Wie Yoga und Ayurveda dein Nervensystem beruhigen



Wenn du einen Blick nach draußen wirfst, dann kannst du schon ganz deutlich die Zeichen des Jahreszeitenwechsels erkennen. Noch ein paar warme Tage , du spürst, wie schwer es fällt, sich vom Spätsommer zu verabschieden , aber du siehst, wie sich die Blätter langsam anfangen zu färben, von einem satten Grün hin zu einem leuchtenden Rot-Gelb. Ich habe schon die ein oder andere Kastanie vom Baum fallen sehen, und gefühlt lese ich seit dem 1. September nur noch Gilmore-Girls-Referenzen, wir reden hier über die Herbstserie überhaupt.


Dieser Wandel, den wir im Außen beobachten können, zeigt sich manchmal auch im Inneren. Es gibt Zeiten, in denen die Gedanken mehr kreisen, der Schlaf leicht ist und es schwerfällt, am Abend abzuschalten. Und nicht nur in Wechsel der Jahreszeiten können wir das. Auch in Lebenszeiten kennen wir diesen Wechsel in der Menopause. Ayurveda gibt es genau dafür ein Bild, das erstaunlich genau beschreibt, was im Außen und im Innen geschieht: Es ist die Zeit, in der Vata zunimmt. Was ist Vata? Das Bewegungsprinzip im Ayurveda


Vata ist im ayurvedischen Denken eines der drei Doshas, der grundlegenden Kräfte, die unseren Organismus steuern.
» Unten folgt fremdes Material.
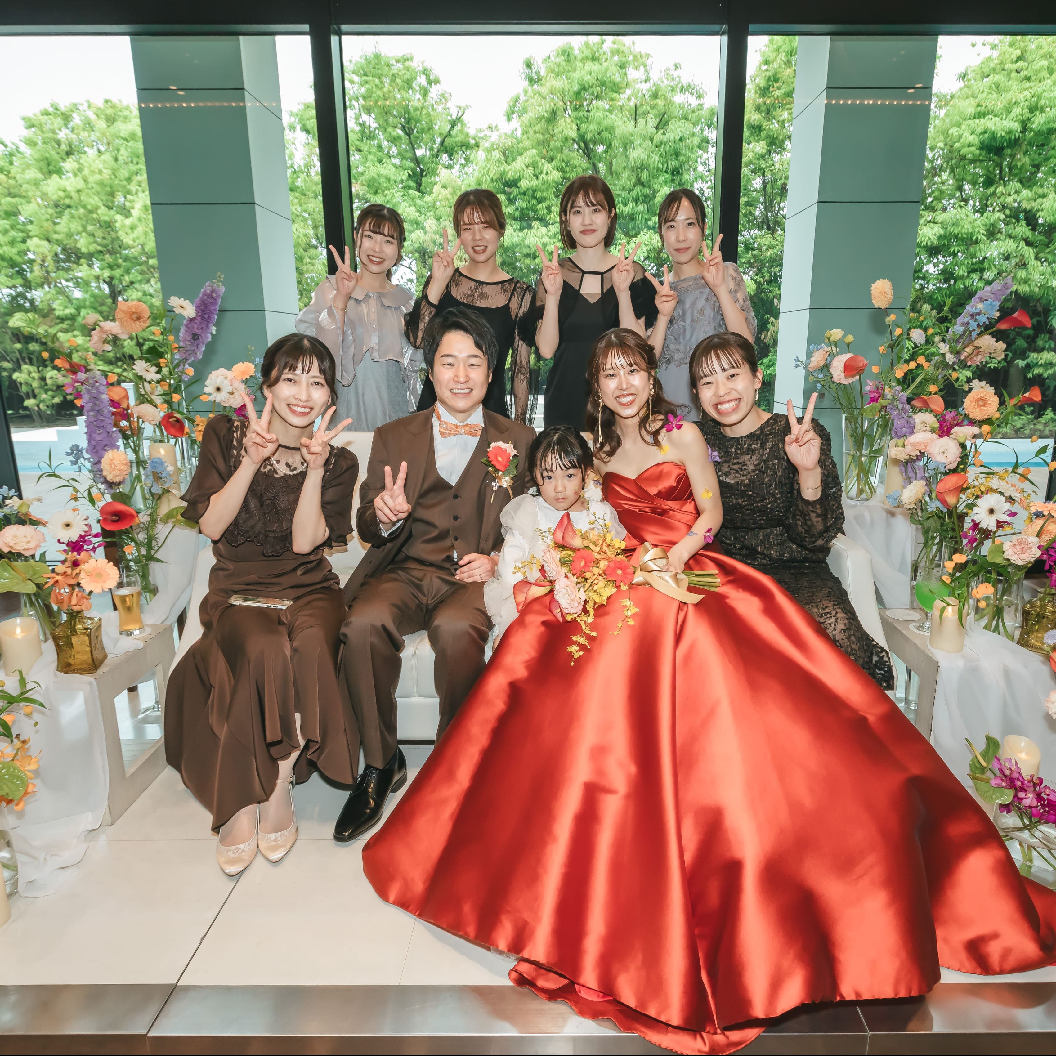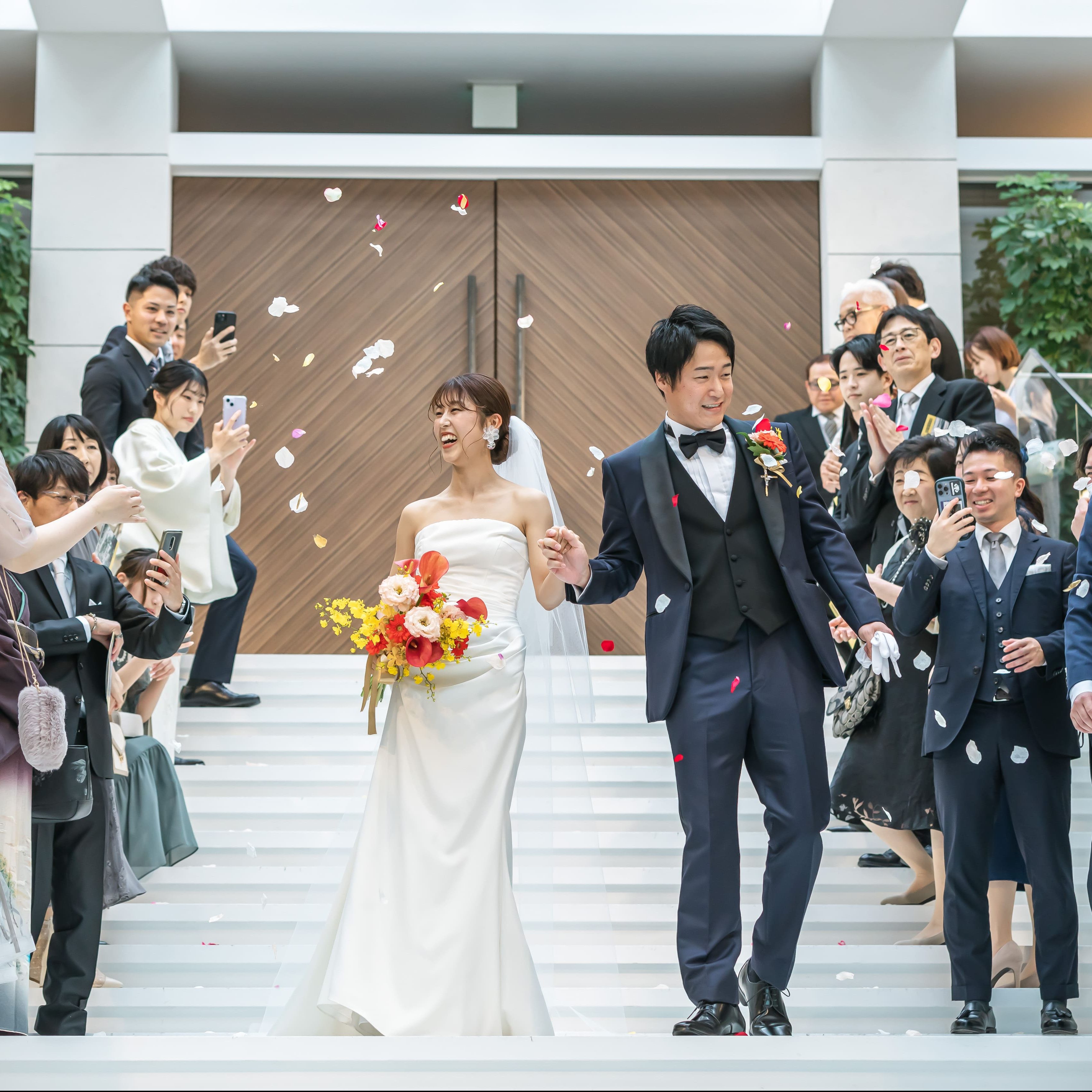 会場入りから送賓まで本当にあっという間に過ぎていきました。進行の一つ一つが進んで行く度に「楽しかったな」と思う反面、この一瞬はもう戻ってこない寂しさも感じました。人生でたった一度の結婚式。今までたくさん準備をしてきて「当日は、ゲストやザ・リーヴス プレミアムテラスのスタッフのみんなと全力で楽しむ!」と決めていたので、大好きな人達に囲まれながらとても楽しい幸せな時間を過ごすことができました!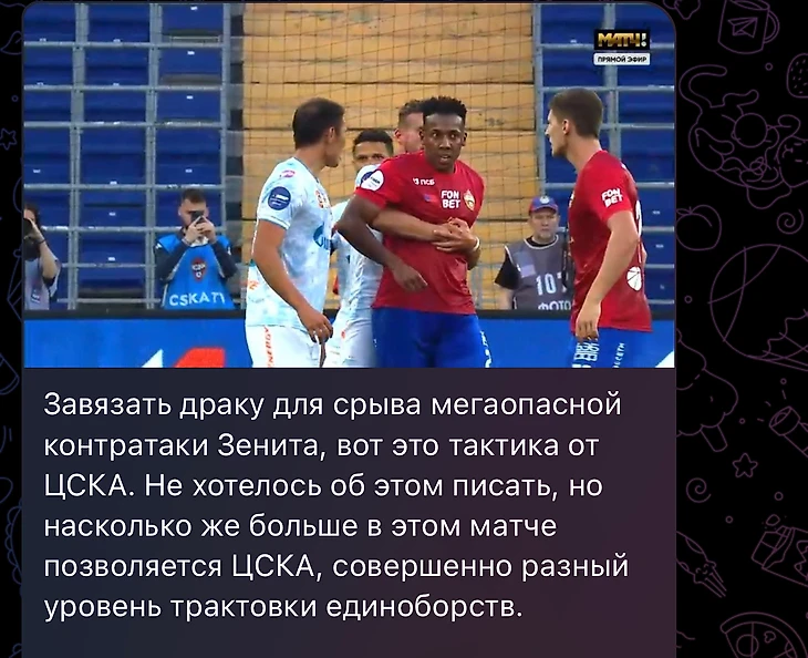 Во втором тайме модель игры обеих команд не слишком сильно поменялась: СБГ пытались атаковать позиционно, все также постоянно натыкаясь (пускай и реже) на опасные контратаки. Однако во второй половине встречи все обсуждали не футбол, а какие-то посторонние вещи.

Neben Vata gibt es noch Pitta und Kapha, die sich aus den fünf Elementen zusammensetzen und denen unterschiedliche Eigenschaften zugesprochen werden. Vata setzt sich aus den Elementen Äther und Luft zusammen und steht somit für das Bewegungsprinzip. Vata bedeutet im Sanskrit Wind und leitet sich vom Wortstamm „va“ ab, was wiederum wehen, fließen, bewegen bedeutet. Im Ayurveda wird Vata allem zugeordnet, das im Fluss ist, das sich transportieren und weiterleiten lässt: Ausscheidungen, der weibliche Zyklus, Blut, Lymphflüssigkeit, die Atmung und auch das Nervensystem. Vata wacht sozusagen über die Nervenimpulse und ist somit jene Kraft, die das Nervensystem reguliert.
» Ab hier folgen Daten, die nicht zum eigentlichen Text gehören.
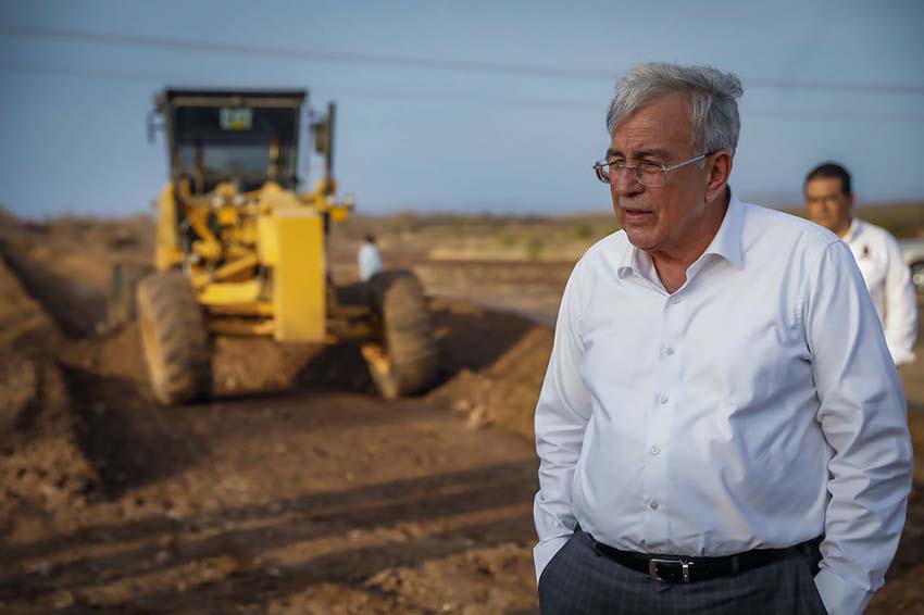 Caitime, Salvador Alvarado – El gobernador Rubén Rocha Moya supervisó los trabajos de construcción de la carretera Caitime-El Progreso, que une a los municipios de Salvador Alvarado y Mocorito, con una longitud de 10.245 kilómetros, y donde se invertirán 62 millones de pesos.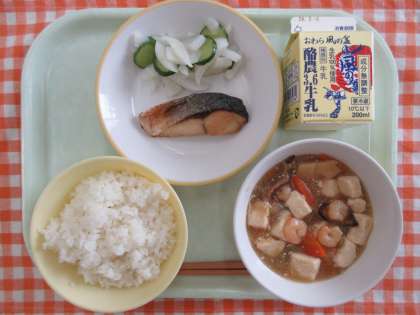 今日の献立は、ごはん、ふくらぎの西京焼き、かぶのサラダ、えびと豆腐のうま煮、牛乳です。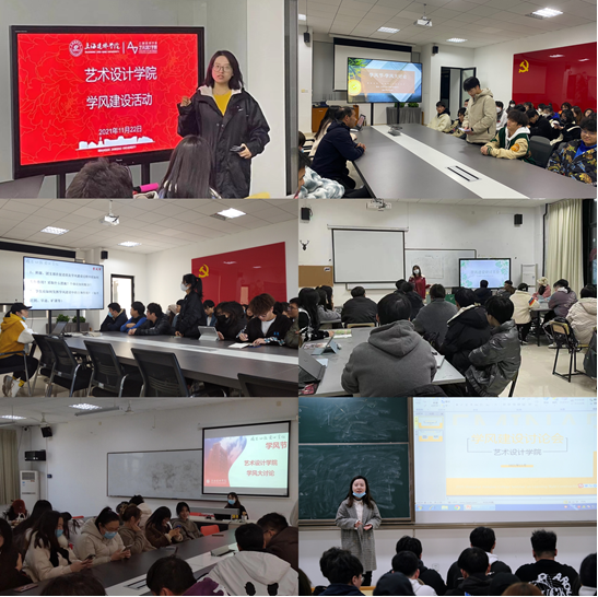 为进一步弘扬学校“爱国、励志、求真、力行”学风精神,深入探讨如何激发学生学习的积极性和主动性,强化学生的自律意识,营造严谨踏实、奋发向上的学习氛围。11月23日、24日,艺术设计学院采取线上和线下相结合的方式,以班级为单位开展学风节系列活动之“学风大讨论”,活动由各专业班级辅导员主持,学院全体学生参加。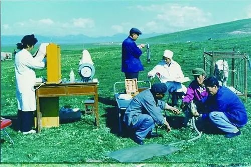 1985年,海北站科研人员在野外测定绵羊呼吸对高原草甸碳排放的影响。
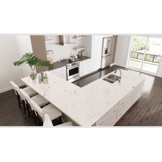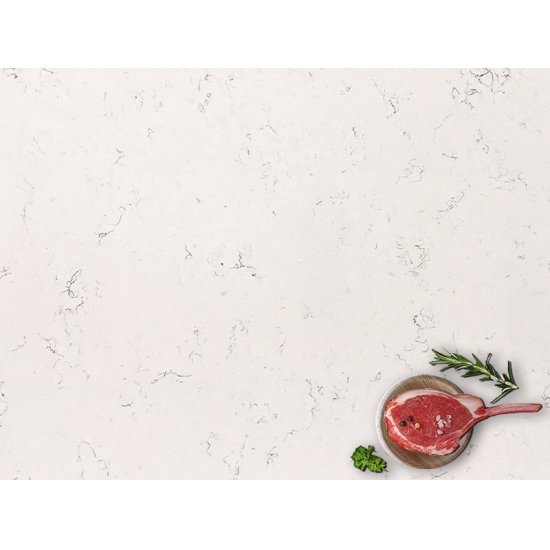 4029 Winky Marmorquarz Diese Quarzplatte besticht durch ihre elegante, edle Optik mit einem sanften Weißton, der von dezenten grauen und beigen Adern durchzogen ist. Die Oberfläche strahlt eine natürliche, zeitlose Schönheit aus, da die sanften Adern ein Gefühl von Harmonie und Raffinesse erzeugen. Diese Quarzplatte wurde entworfen, um jedem Raum einen Hauch von unaufdringlichem Luxus zu verleihen und Arbeitsplatten, Wänden oder besonderen Installationen eine ruhige und anmutige Note zu geben.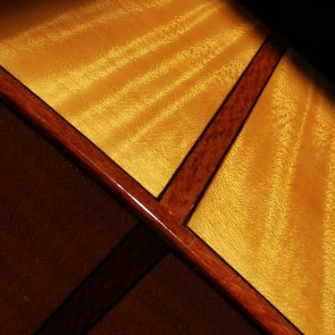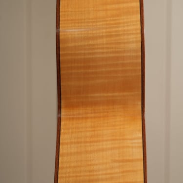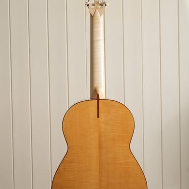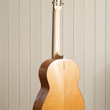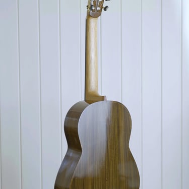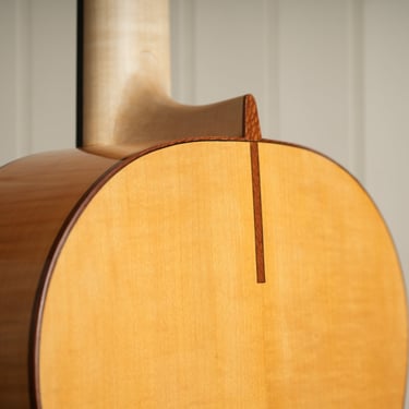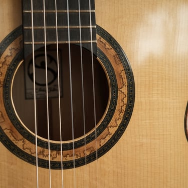 This light wonderful classical guitar reponds great through all registers with rich trebles and open basses. The neck is built with a very stiff spruce core covered with flamed maple, v-joint head union and spanish heel construction contributing to a very light guitar that vibrates beautifully on your lap. The guitar is french polished with button schellac slighty coloured with padouk giving it a golden colour. The cocobolo armrest adds comfortability playing both ponticello and tasto. Bindings are reddish brazilian lacewood that contrasts and accentuate the flamed maple sides. Rosette combinates traditional marquetry in blue, black and yellow with the spalted ash forming an irregular circle. Contact for sound sample.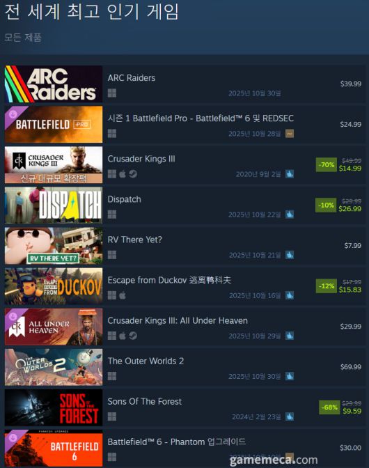 그 외 순위권에서는 아크 레이더스가 출시를 하루 앞두고 1위를 차지했다. 이어 배틀필드 6가 첫 시즌 시작과 함께 배틀로얄 모드인 ‘레드섹’을 추가하는 등 여러 업데이트를 하며 관련 DLC가 최상위권에 올랐다.

Wenn Vata aus dem Gleichgewicht gerät


Vata trägt die Eigenschaften trocken, kalt und rau, aber auch leicht, fein und beweglich in sich. Solange Vata ausgeglichen ist, schenken uns diese Qualitäten Kreativität und Beweglichkeit im Körper und im Geist. Bei einer Vata-Störung, also einem Zuviel, kippt diese Leichtigkeit in Rastlosigkeit, in das Gefühl der Reizüberflutung und in eine allgemeine Unruhe.


Warum Herbst und Wechseljahre die Vata-Zeit sind


Der Herbst ist geprägt von Vata: kühl, windig, trocken und wechselhaft. Vielleicht fallen dir diese Qualitäten noch woanders auf? Genau: Auch in den Wechseljahren treffen wir auf diese Qualitäten. Die Kindheit, als die Zeit der Fülle, wird dem Kapha-Dosha zugeschrieben, während das mittlere Erwachsenenalter, die Zeit des Tatendrangs, als Zeit von Pitta beschrieben wird. Das hohe Erwachsenenalter und auch die Zeit in den Wechseljahren ist die Vata-Zeit und so kann es passieren, dass die Vata-Lebenszeit auf die Vata-Jahreszeit trifft und wir diese besonders stark spüren.


Woran du einen Vata-Überschuss erkennst


Wie sich dieser Überschuss zeigt, ist natürlich von Mensch zu Mensch unterschiedlich. Wir können ihn als innere Unruhe spüren, als erhöhte Wachsamkeit, als das Gefühl, sich schwer konzentrieren zu können, oder als wechselhaften Schlaf, gerne auch als das Aufwachen zwischen 3 und 4 Uhr morgens. (Wie tiefe Entspannungstechniken deinem Nervensystem helfen, habe ich übrigens hier verfasst).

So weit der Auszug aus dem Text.